Exercise details: Exact copy, no pictures: return only the lines below from the line with "その後、市長と歓談。スポーツの力による地域活性化に関する話で盛り上がりました。" up to and including the line with "На 31 декабря".

[[ Provided information open ]]

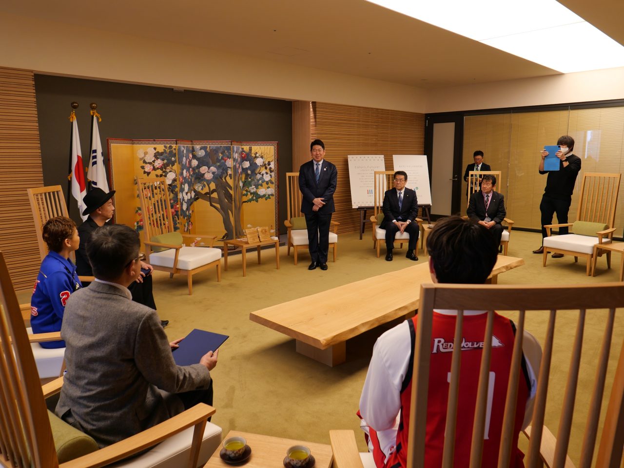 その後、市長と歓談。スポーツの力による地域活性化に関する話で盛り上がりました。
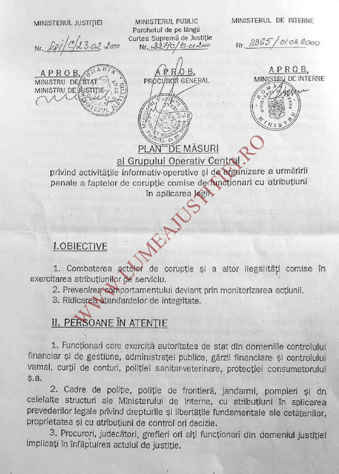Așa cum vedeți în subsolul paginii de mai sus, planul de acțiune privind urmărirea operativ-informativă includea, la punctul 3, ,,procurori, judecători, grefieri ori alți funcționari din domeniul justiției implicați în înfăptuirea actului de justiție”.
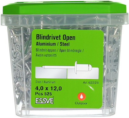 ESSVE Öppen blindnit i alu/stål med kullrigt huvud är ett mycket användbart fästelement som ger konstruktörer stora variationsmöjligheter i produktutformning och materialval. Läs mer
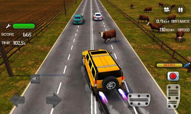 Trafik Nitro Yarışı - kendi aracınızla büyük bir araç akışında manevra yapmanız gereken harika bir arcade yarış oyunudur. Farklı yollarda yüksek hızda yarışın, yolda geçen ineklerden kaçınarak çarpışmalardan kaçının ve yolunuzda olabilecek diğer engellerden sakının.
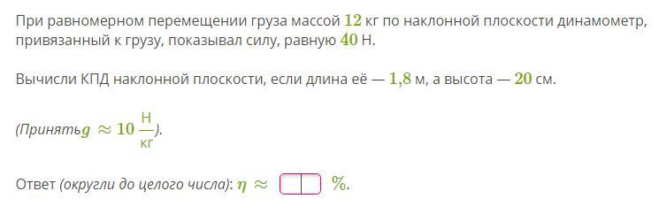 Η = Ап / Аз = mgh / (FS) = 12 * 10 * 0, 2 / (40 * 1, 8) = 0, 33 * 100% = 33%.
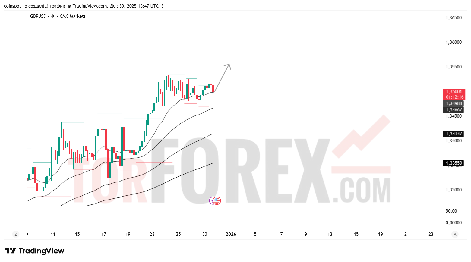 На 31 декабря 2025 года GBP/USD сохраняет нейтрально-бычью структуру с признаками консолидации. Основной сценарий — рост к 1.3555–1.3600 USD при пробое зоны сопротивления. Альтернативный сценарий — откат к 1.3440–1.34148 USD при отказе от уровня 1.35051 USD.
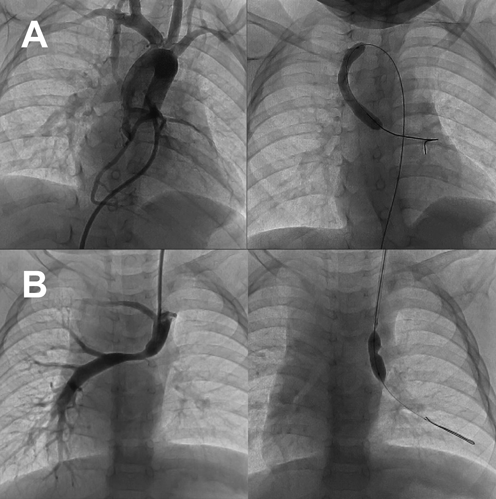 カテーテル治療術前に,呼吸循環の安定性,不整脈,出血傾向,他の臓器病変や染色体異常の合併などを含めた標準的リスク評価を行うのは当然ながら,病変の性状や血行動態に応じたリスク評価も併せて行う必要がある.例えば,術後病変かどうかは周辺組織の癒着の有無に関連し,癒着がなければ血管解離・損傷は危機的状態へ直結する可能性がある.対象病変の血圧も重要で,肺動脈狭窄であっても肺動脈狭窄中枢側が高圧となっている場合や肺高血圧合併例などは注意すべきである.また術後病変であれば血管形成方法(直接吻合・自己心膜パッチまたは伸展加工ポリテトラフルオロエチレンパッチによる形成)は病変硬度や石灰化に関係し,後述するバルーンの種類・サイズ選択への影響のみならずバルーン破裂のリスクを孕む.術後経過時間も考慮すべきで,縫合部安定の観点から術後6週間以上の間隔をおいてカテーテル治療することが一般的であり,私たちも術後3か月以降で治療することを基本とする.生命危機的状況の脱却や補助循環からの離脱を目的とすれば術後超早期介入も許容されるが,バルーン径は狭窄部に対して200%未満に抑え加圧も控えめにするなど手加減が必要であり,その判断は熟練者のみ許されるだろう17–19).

[[ Provided information closed ]]
[[ Provided information open ]]

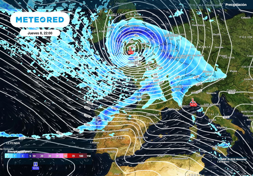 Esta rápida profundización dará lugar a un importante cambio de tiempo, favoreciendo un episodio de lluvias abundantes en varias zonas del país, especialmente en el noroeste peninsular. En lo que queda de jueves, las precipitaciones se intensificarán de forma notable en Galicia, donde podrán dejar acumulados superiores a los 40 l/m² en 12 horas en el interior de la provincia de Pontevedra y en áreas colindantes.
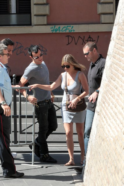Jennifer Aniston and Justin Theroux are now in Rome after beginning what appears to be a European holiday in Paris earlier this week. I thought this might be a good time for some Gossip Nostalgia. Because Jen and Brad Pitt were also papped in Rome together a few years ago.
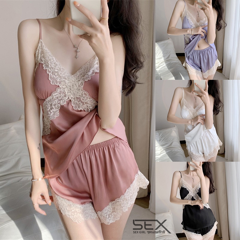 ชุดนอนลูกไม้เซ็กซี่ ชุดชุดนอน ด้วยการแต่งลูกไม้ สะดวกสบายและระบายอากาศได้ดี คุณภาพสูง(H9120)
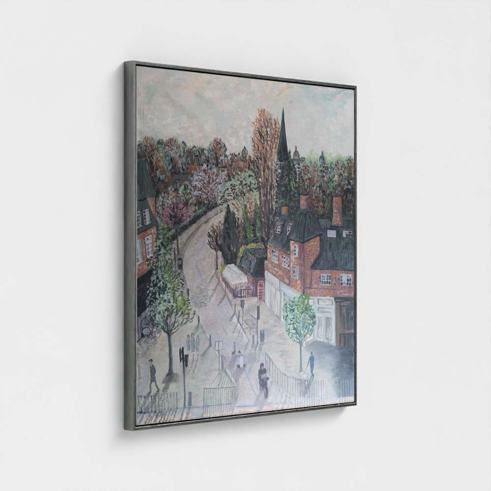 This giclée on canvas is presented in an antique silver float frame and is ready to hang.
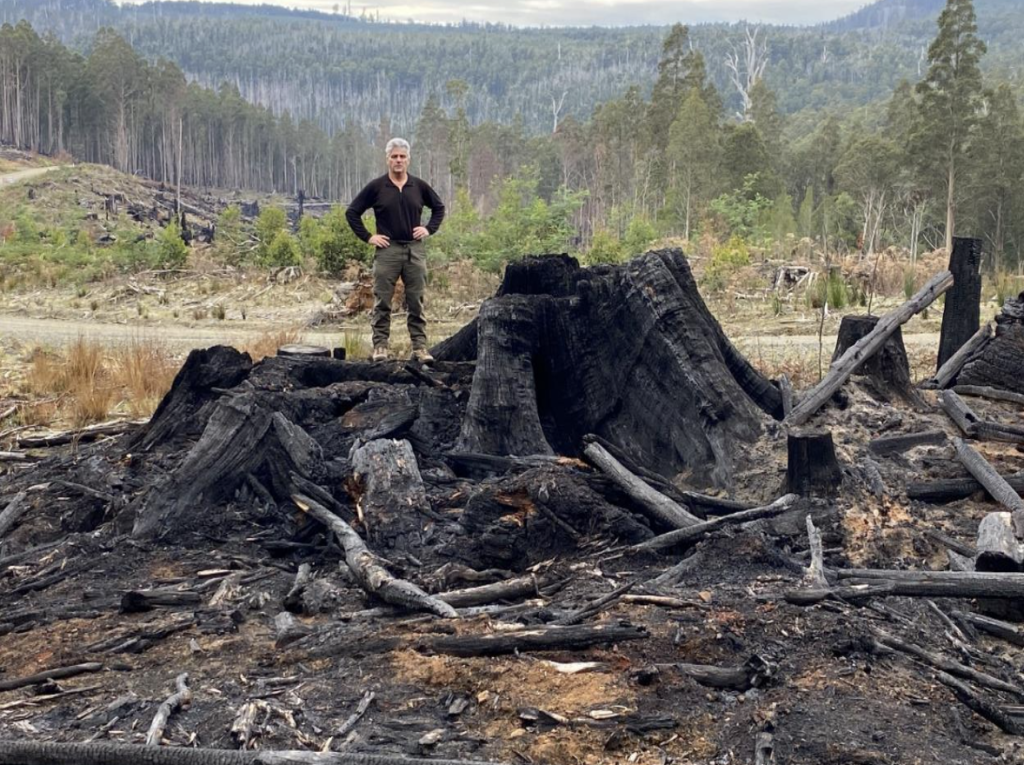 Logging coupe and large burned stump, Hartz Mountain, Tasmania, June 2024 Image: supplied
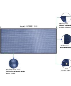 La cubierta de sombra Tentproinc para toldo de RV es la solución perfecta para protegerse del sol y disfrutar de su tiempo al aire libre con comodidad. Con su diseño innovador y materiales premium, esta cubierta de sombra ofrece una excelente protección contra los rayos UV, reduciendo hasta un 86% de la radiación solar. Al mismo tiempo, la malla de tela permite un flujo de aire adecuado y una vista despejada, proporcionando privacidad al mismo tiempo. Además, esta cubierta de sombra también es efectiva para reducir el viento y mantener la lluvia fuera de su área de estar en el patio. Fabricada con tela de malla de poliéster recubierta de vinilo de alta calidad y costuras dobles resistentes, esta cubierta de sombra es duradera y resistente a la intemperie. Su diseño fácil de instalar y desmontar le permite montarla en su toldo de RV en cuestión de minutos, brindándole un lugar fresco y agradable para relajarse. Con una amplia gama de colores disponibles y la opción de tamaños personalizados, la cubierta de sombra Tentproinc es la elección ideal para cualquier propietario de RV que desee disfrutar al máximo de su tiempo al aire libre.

[[ Provided information closed ]]

Response to this exercise:
 その後、市長と歓談。スポーツの力による地域活性化に関する話で盛り上がりました。
Așa cum vedeți în subsolul paginii de mai sus, planul de acțiune privind urmărirea operativ-informativă includea, la punctul 3, ,,procurori, judecători, grefieri ori alți funcționari din domeniul justiției implicați în înfăptuirea actului de justiție”.
 ESSVE Öppen blindnit i alu/stål med kullrigt huvud är ett mycket användbart fästelement som ger konstruktörer stora variationsmöjligheter i produktutformning och materialval. Läs mer
 Trafik Nitro Yarışı - kendi aracınızla büyük bir araç akışında manevra yapmanız gereken harika bir arcade yarış oyunudur. Farklı yollarda yüksek hızda yarışın, yolda geçen ineklerden kaçınarak çarpışmalardan kaçının ve yolunuzda olabilecek diğer engellerden sakının.
 Η = Ап / Аз = mgh / (FS) = 12 * 10 * 0, 2 / (40 * 1, 8) = 0, 33 * 100% = 33%.
 На 31 декабря 2025 года GBP/USD сохраняет нейтрально-бычью структуру с признаками консолидации. Основной сценарий — рост к 1.3555–1.3600 USD при пробое зоны сопротивления. Альтернативный сценарий — откат к 1.3440–1.34148 USD при отказе от уровня 1.35051 USD.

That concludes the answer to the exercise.